2021年、忠司さんは日本製鉄を退職し、呉に残ることを選択しました。

岡峰早苗 さん
「主人がずっと日鉄しか勤めていなくて、ほかの仕事ができるのかとか、いろいろ悩みましたね」

岡峰さん夫婦は、知人が高齢でお好み焼き店を閉めることを知り、引き継ぐことを決めました。お好み焼き店を開くことは、早苗さんの夢でした。

岡峰早苗 さん
「協力してくれるって、みんなが言ってくれて、そこに少し甘えて、いちかばちかやってみようかなと。ダメだったらすぐやめようと」

岡峰忠司 さん
「軽い気持ちだったんですよ、わたしは。鉄板で焼いて出せばいいという感じだったが、料理するにあたって保健所に許可もらったりとか、飲食組合に入るとかいろんなことがありました。ここに至るまで」

岡峰さん夫妻は、呉商工会議所に相談し、公庫から融資を受け、オープンにこぎ着けました。

小林康秀 キャスター
「製鉄所閉鎖に伴う退職者の支援を行っているという呉商工会議所です。今回の閉鎖で地元経済界としてはどんな対応をしているんでしょうか」

岡峰さん夫婦の相談を受けた呉商工会議所の 若本祐昭 会頭に聞きました。

呉商工会議所 若本祐昭 会頭
「最初にご夫婦で来られて、日本製鉄を離職するので新しい仕事を始めたいということでお話がありまして、こういうふうな方法はいかがですかとか、どれぐらいのお金が要りますかというアドバイスから始まって、それに必要な申請の作業まで岡峰さんの場合はさせていただいた」

若本会頭によりますと、岡峰さんのように製鉄所閉鎖で商工会議所の支援を受けて創業したケースは5件。中には「アサリの養殖」に挑戦した人もいるそうです。
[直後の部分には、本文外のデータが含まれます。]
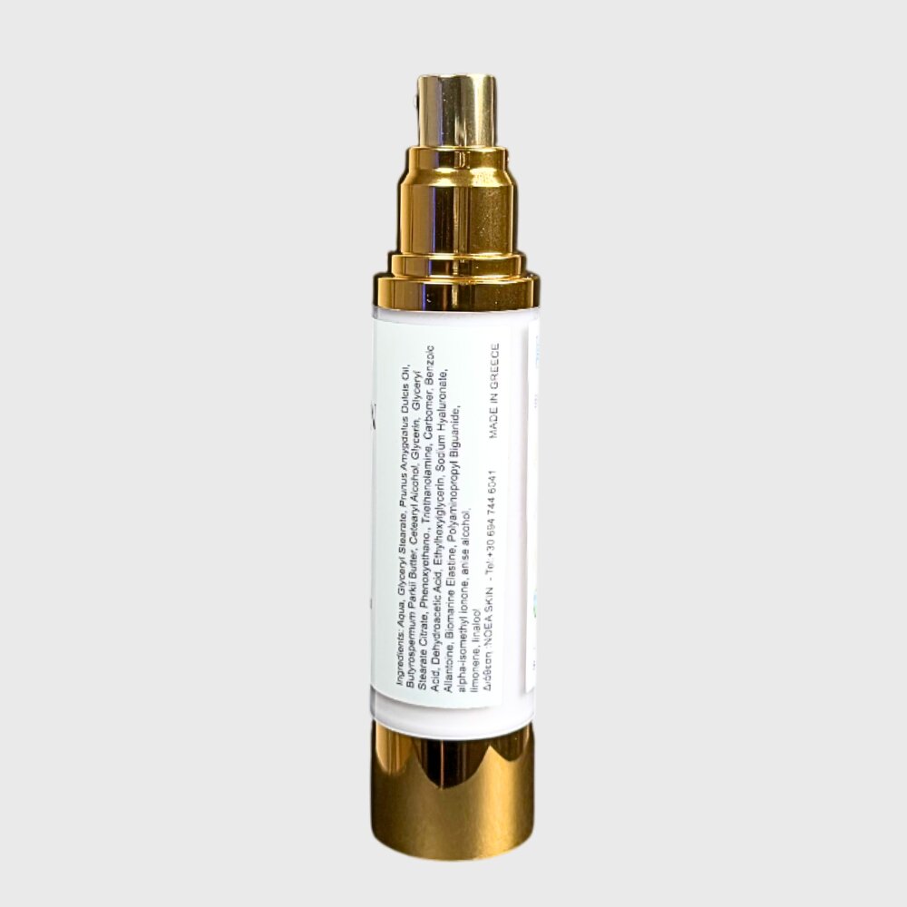 Ingredients: Aqua, Isopropyl Myristate, Glyceryl Stearate, Prunus Amygdalus Dulcis Oil, Butyrospermum Parkii Butter, Cetearyl Alcohol, Glycerin, Glyceryl Stearate Citrate, Phenoxyethano., Triethanolamine, Carbomer, Benzoic Acid, Disodium Edta, Bht, Dehydroacetic Acid, Ethylhexylglycerin, Sodium Hyaluronate, Allantoine, Biomarine Elastine, Polyaminopropyl Biguanide, Fragrance
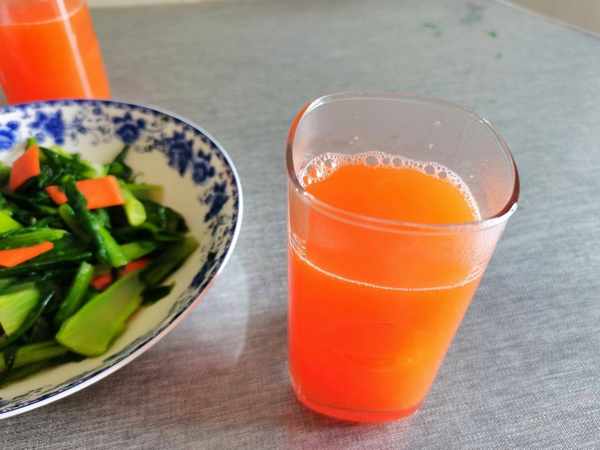 10、半根紅蘿卜切塊,放入料理機,倒入800毫升溫開水,30秒鐘就打成紅蘿卜汁,喝著清甜爽口。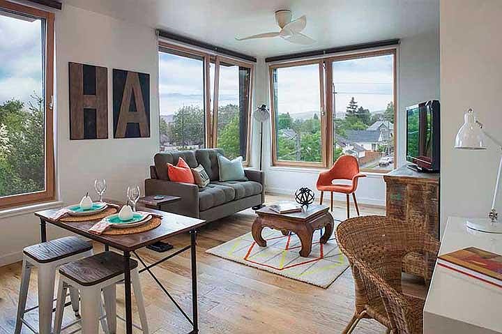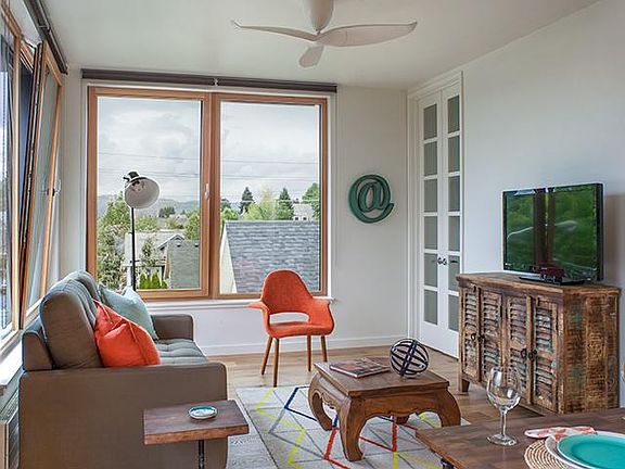 The entire length of this 1/1 has huge, south facing tilt-turn windows and oak flooring throughout the apt. The bathroom has washer and dryer, slate flooring, bath tub and a huge mirror. The kitchen has thick butcher block counters, stainless steel appliances and a detachable island that doubles as a drink cart or stand up desk that faces your awesome view of Downtown and the Fremont bridge. Hydronic wall heaters and passive cooling keeps the electrical bill always under $22 a month. Shared amenities include: a bike room with an air compressor, trash room so you never have to worry about taking out the bins to the curb and an outdoor patio just steps from your door with BBQ - and being in a small, 19 unit building you're almost always guaranteed to have it all to yourself! The building is pet friendly and walking distance to New Seasons and other great food options. Feel free to message me with any questions you have about this awesome apt!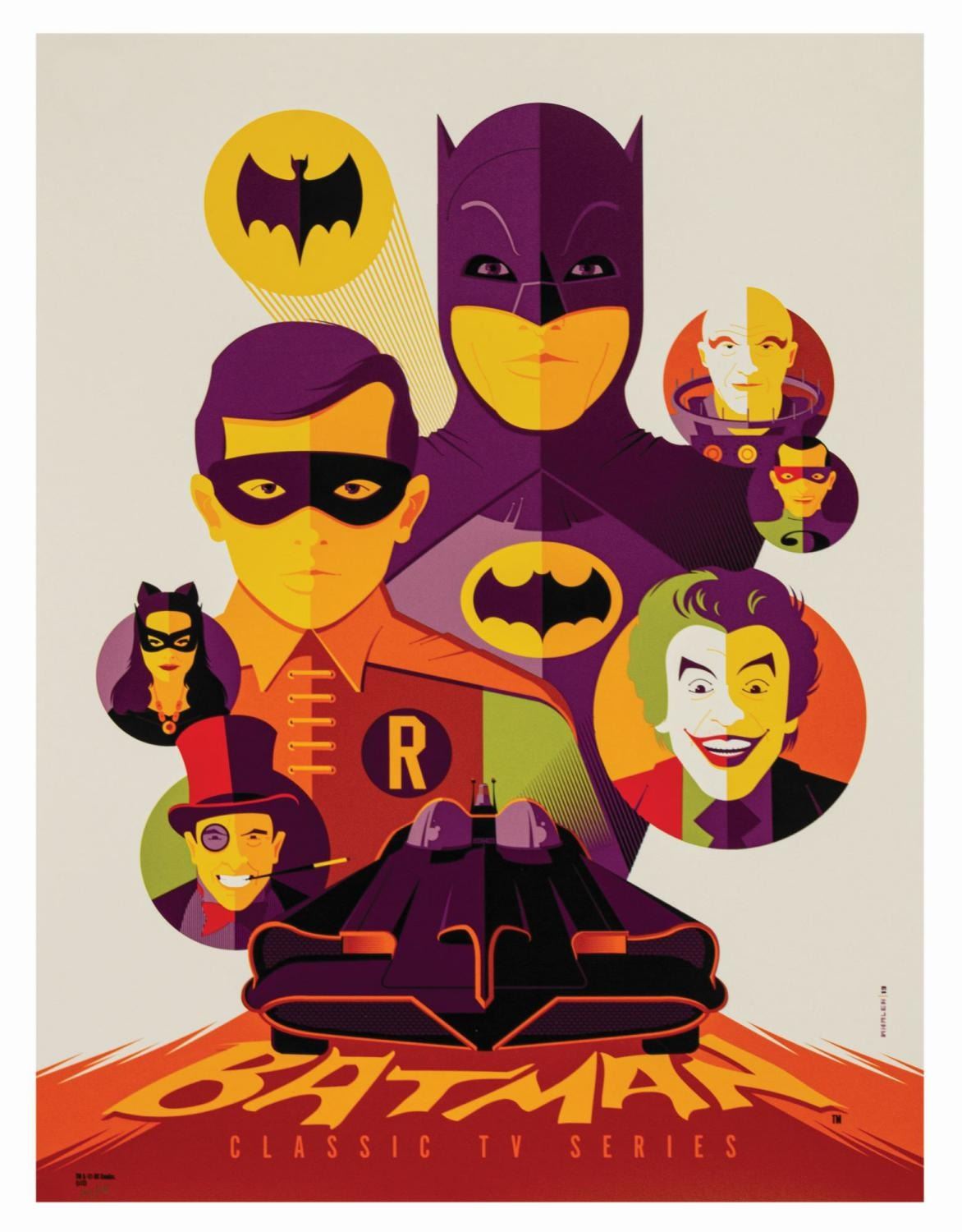 (Huckleberry, 2013) A limited edition "Purple Variant" silkscreen print featuring the stars of the 1960s Batman TV series by artist Tom Whalen created as a San Diego Comic-Con exclusive for the Huckleberry Toys booth. The print is hand-numbered in pencil at bottom left, "145/175". Measuring 24"x18, the print is in fine condition with minimal wear.

再就職についても、労働局などと10回を超える合同企業面接会を開催してきました。

若本祐昭 会頭
「ことし7月末現在、615人の方の再就職先が決まっていると聞いています」

製鉄所閉鎖が発表された2020年、構内の従業員は3300人でしたが、この3年間で退職や転勤が進みました。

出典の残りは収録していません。